On the launch of the Aston Martin DBX 707 in 2022, a heavily overhauled version of the DBX, we were given the obligatory show-around of the car. All was going well until we got inside and prodded the screen on the dashboard. “Yeah… that’s still not a touchscreen,” came the awkward reply.

However spectacular Aston Martins look, sound and perform, nothing screams ‘old tech’ these days more than a large display screen in the middle of a dashboard that you can’t operate by touch (whether touchscreens are a good thing is another debate, but you get what I mean…). On a car launched in 2022, as the DBX 707 was, and built by a car maker positioning itself at the very top of the industry, it wasn’t really good enough, however fantastic the rest of the car was.

Thankfully, the Aston Martin DB12 does have a touchscreen. The software it runs is not perfect, the fonts are a bit small, and some of the menus are too well hidden. But of much bigger significance is the fact that the screen exists at all; that you can prod it with your fingers; and that the software is all of Aston’s own design rather than being a Mercedes hand-me-down.

You can tell this is Aston’s first proper go at designing its own modern touchscreen interface, because it’s working through a few beginners’ mistakes. Some of the menu icons are too small to easily hit with an outstretched arm, for instance. There’s no physical cursor controller either on wheel or centre console, so no option but to reach for those fiddly icons; the software’s a bit glitchy and vulnerable to crashing; and the navigation is missing a couple of display modes. Oh, and the screen as a whole gets quite hot when it’s been on for an hour or so – which makes holding your fingertip to it, to move the map around or scroll down on a menu, a little unpleasant. 

Still, all are things that can be fixed with updated software (what an old chestnut that’s becoming), and this wouldn’t feel like a new Aston Martin if it hadn’t been launched with some ‘areas for improvement’.

After a day of familiarity, not all of the controls were falling easily to hand. But credit to Aston for not putting every control on the touchscreen. This has the feel of a first-generation layout in the way physical and digital controls mix. Further usability refinements are to come, though, with seven more front-engined sports cars, including derivatives, to follow the DB12 over the next two years.

The cabin’s other main area of progress, meanwhile, is undoubtedly its material quality, which is now on a par with Bentley’s in places and well beyond that of a Ferrari. There’s a chunky engine start button, with a rotating collar around it for juggling driving modes, which both feel expensive to the touch – as do the knurled-metal roller toggles for heater temperature and audio volume control. There’s now in places the look and feel of a high-end, military-chic watch about the DB12’s cabin. 

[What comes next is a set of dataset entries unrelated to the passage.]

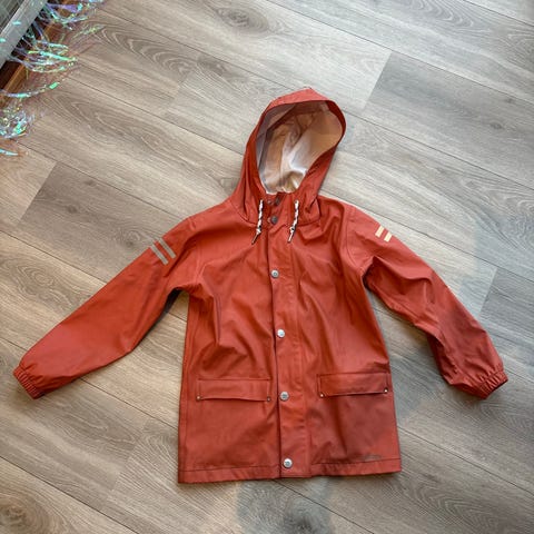 Pent brukt regnjakke med reflekser.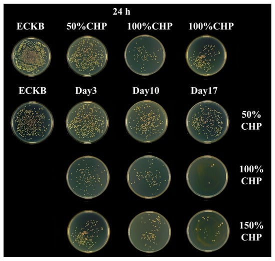 Bacterial colony counts on 50% CHP-Ti-MAO, 100% CHP-Ti-MAO, and 150% CHP-Ti-MAO samples at 24 h on day 3, day 10, and day 17.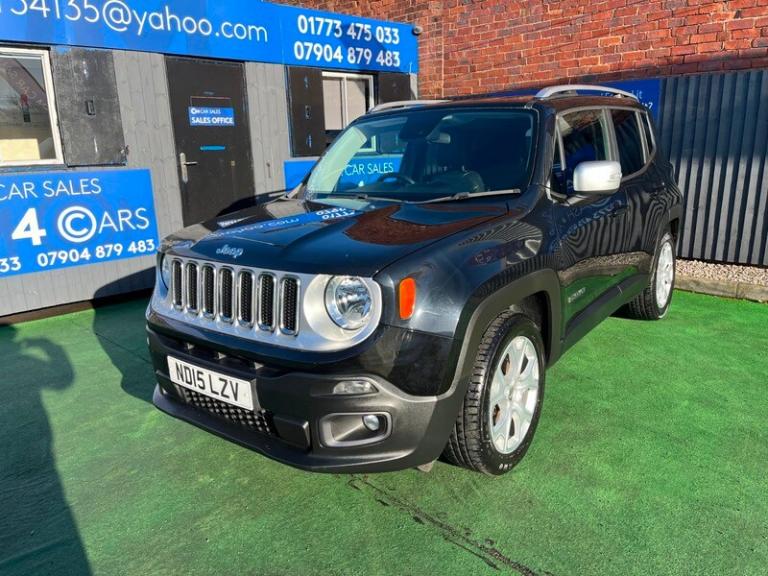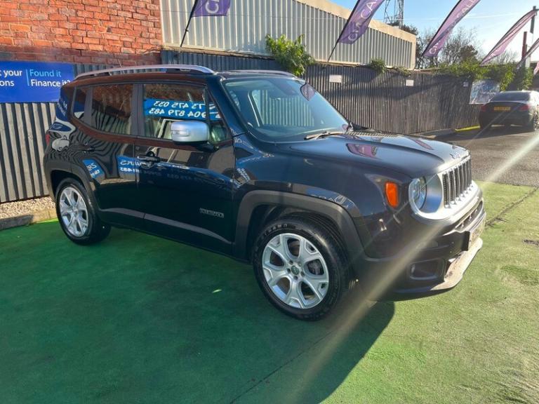 LOVELY LOW MILEAGE JEEP RENEGADE 1.6 MULTIJET DIESEL LIMITED 5 DOOR, FINISHED IN BLACK WITH FULL BLACK LEATHER INTERIOR, ALLOY WHEELS, HEATED SEATS, SATELLITE NAVIGATION, DUAL ZONE AUTO CLIMATE CONTROL, BLUETOOTH, MEDIA CONNECTION, BLUETOOTH, CRUISE CONTROL. PAS, ABS, TRACTION CONTROL. ELECTRIC WINDOWS, ELECTRIC DOOR MIRRORS, REMOTE CENTRAL LOCKING, ONLY 56000 MILES WITH SERVICE HISTORY, SUPPLIED WITH 2 KEYS AND SERVICED WITH 12 MONTHS MOT PRIOR TO DELIVERY. BEEN REFUSED CREDIT PERHAPS WE CAN HELP.If you have had problems in the past obtaining car finance please give us a call as we now have companies on board who can help.We offer flexible finance packages at very competitive rates to suit most budgets.We are situated just 5 mins from junc 28 M1 Derbyshire located in Ripley opposite Frank key builders merchants post code DE53AS.PLEASE SEE ALL OUR REVIEWS ON AUTOTRADER.ALL MAJOR DEBIT CARDS TAKEN.FREE 12 MONTHS AA BREAKDOWN COVER INCLUDED. 3 MONTHS PARTS AND LABOUR WARRANTY INCLUDED. E BAY CUSTOMERS PLEASE VISIT OUR WEBSITE FOR MORE PHOTOS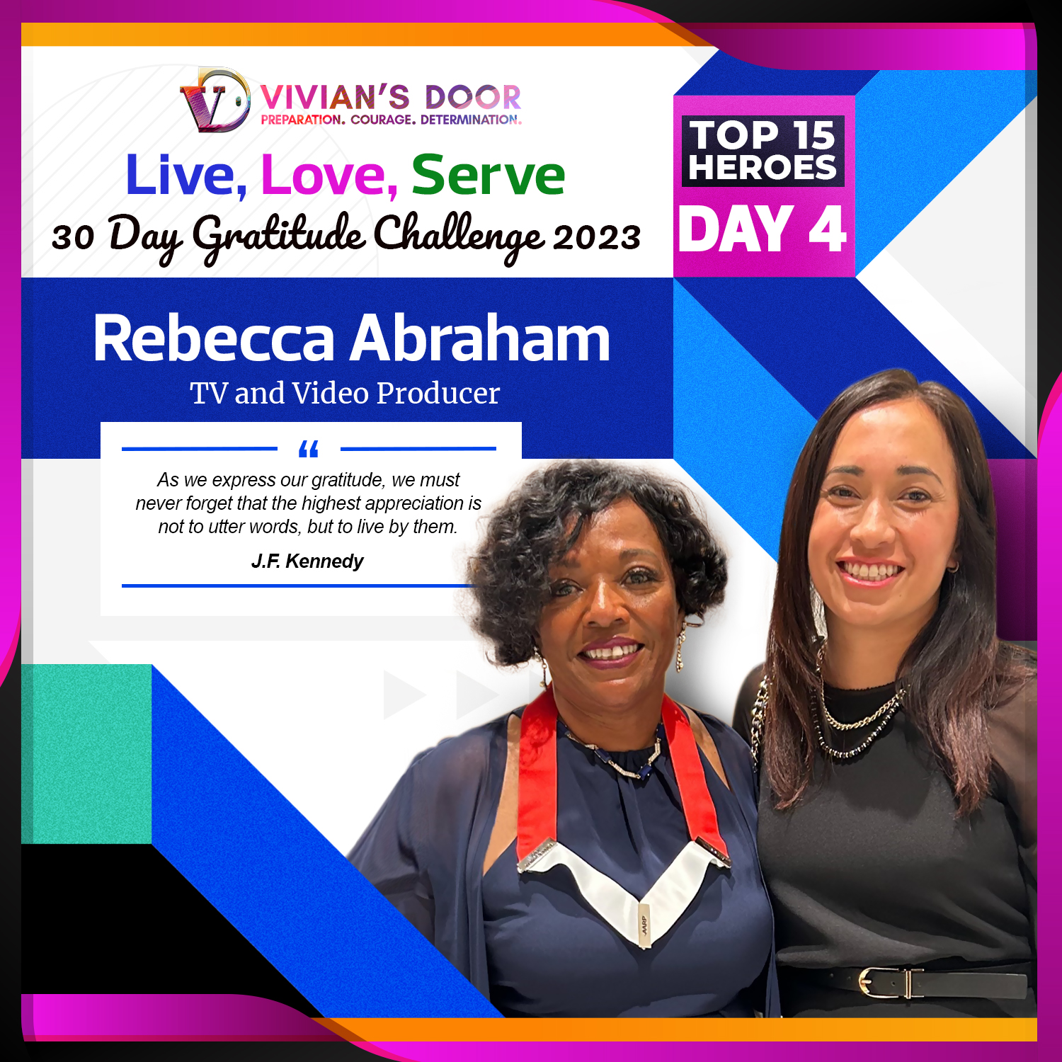 Rebecca Abraham is an amazing TV and video producer. She stands out not just for her creative prowess but also for her commitment to making a positive impact. On this 4th Annual Vivian’s Door Gratitude Challenge, we delve into Rebecca’s journey, her inspiring reasons for supporting Vivian’s Door, and the transformative influence it has had on both her professional and personal life.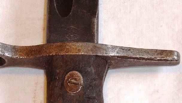 | unten: Die Griffbefestigung, das Herstellerlogo sowie Form der Parierstange | |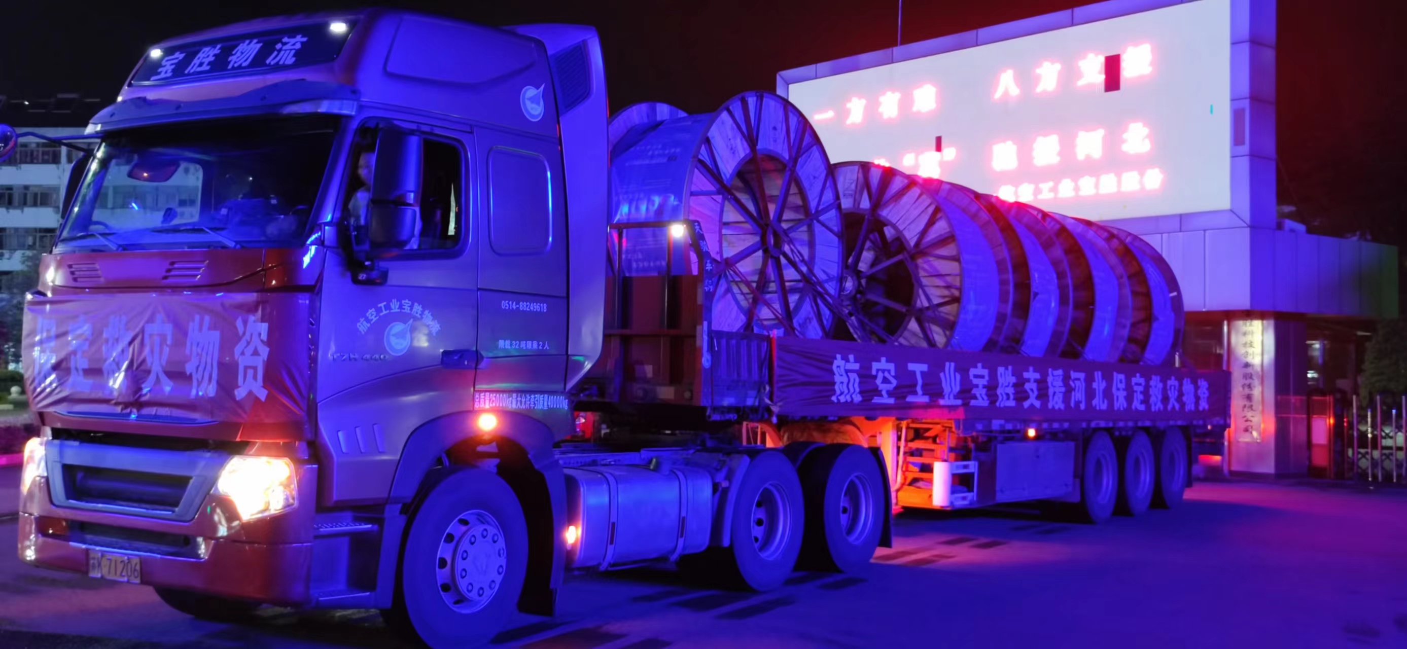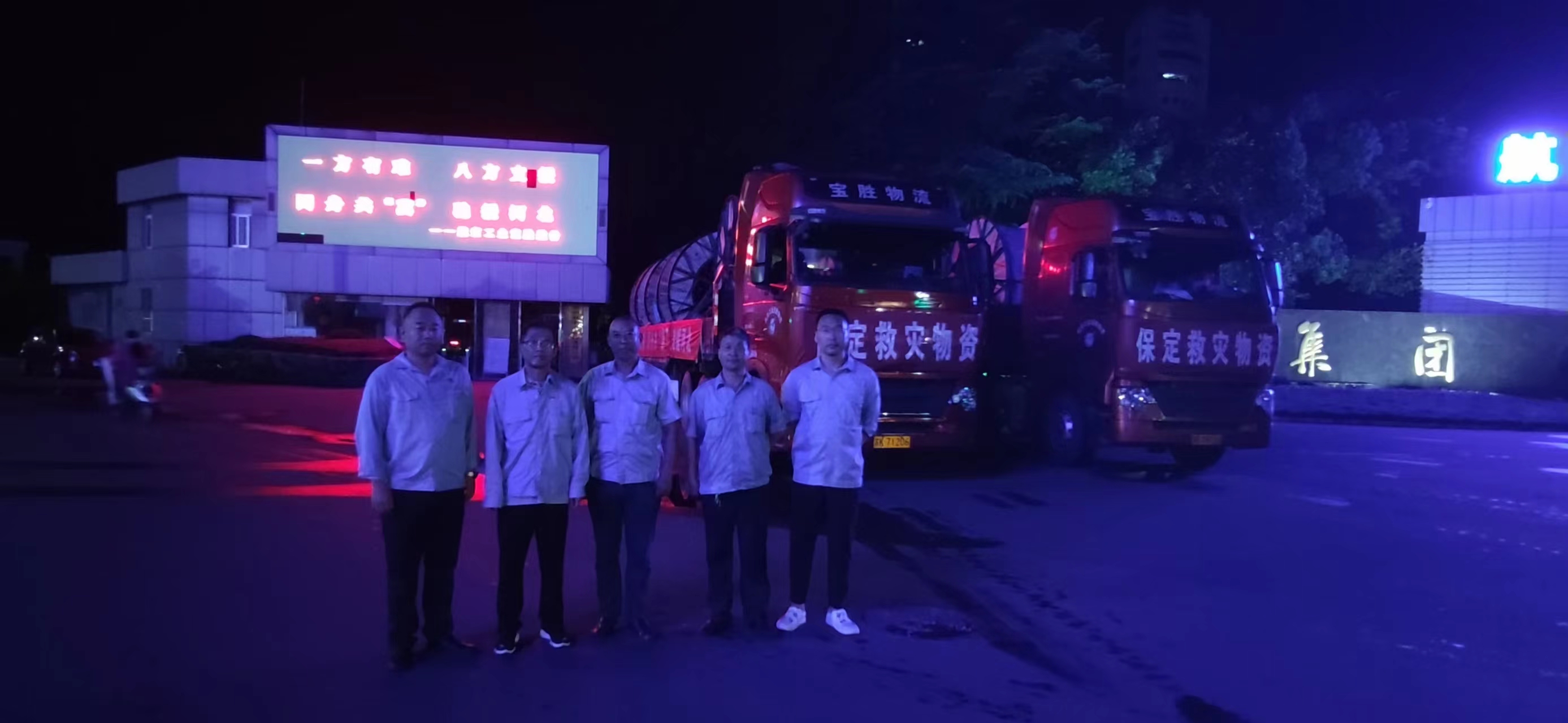 8月6日晚8時(shí)20分,兩輛滿載電纜物資的卡車駛出寶勝股份廠區(qū)奔向河北保定,支援電力應(yīng)急搶修。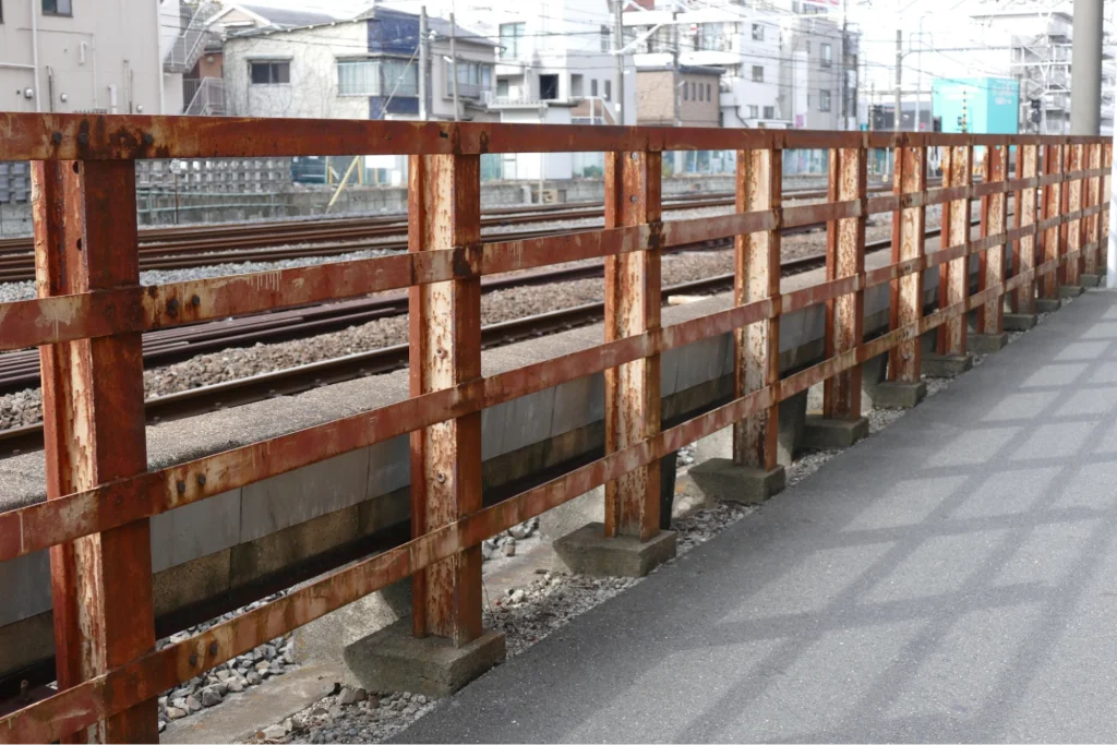 オビキ:線路脇の柵のサビも、ローカルですね。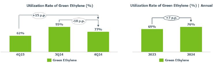 Average utilization rate of green ethylene: lower compared to 3Q24 (-18 p.p.) mainly explained by operational instability at the Rio Grande do Sul petrochemical plant as a result of adjustments to the region's electricity network and a scheduled maintenance shutdown.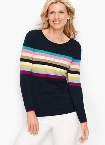 Talbots Women's Navy Blue Multicolor Stripe Crewneck Sweater Size Medium Petite Long Sleeve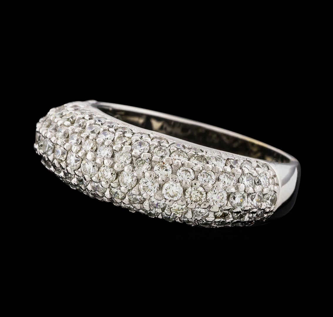 One electronically tested 14KT white gold lady's cast fashion ring with a pointed shank with a bright polish finish. The featured lady's ring has a shank measuring 3.46 millimeters wide. Identified with markings of '14K'. Condition is new, good workmanship. Containing: Nineteen prong set round brilliant cut diamonds, measuring 1.85 - 1.75 x 1.12mm (depth est.) approximate total weight of 19 Stones = 0.42ct. Graded in the setting. Clarity SI-1 to SI-2. Color: H - I Cut Good Seventy-Four prong set round brilliant cut diamonds, measuring 1.60 - 1.50 x 0.96mm (depth est.) approximate total weight of 74 Stones = 1.05ct. Graded in the setting. Clarity SI-1 to SI-2. Color: H - I Cut Good Twenty prong set round brilliant cut diamonds, measuring 1.40 - 1.35 x 0.86mm (depth est.) approximate total weight of 20 Stones = 0.20ct. Graded in the setting. Clarity SI-1 to SI-2. Color: H - I Cut Good. Total Weight of Diamonds 1.67ct.. Total Weight of Ring 5.40gm. GAS Appraised at $5,240.00.

There’s plenty of room in the car, decent storage and usable occasional back seats. The DB12 isn’t quite as large as some two-plus-two luxury coupés, nor is its cabin quite as roomy – although there’s plenty of room up front, so you don’t feel too intimately acquainted with your passenger and you don’t bang elbows across the centre console, while kids of up to about the age of 12 could comfortably travel in the back seats.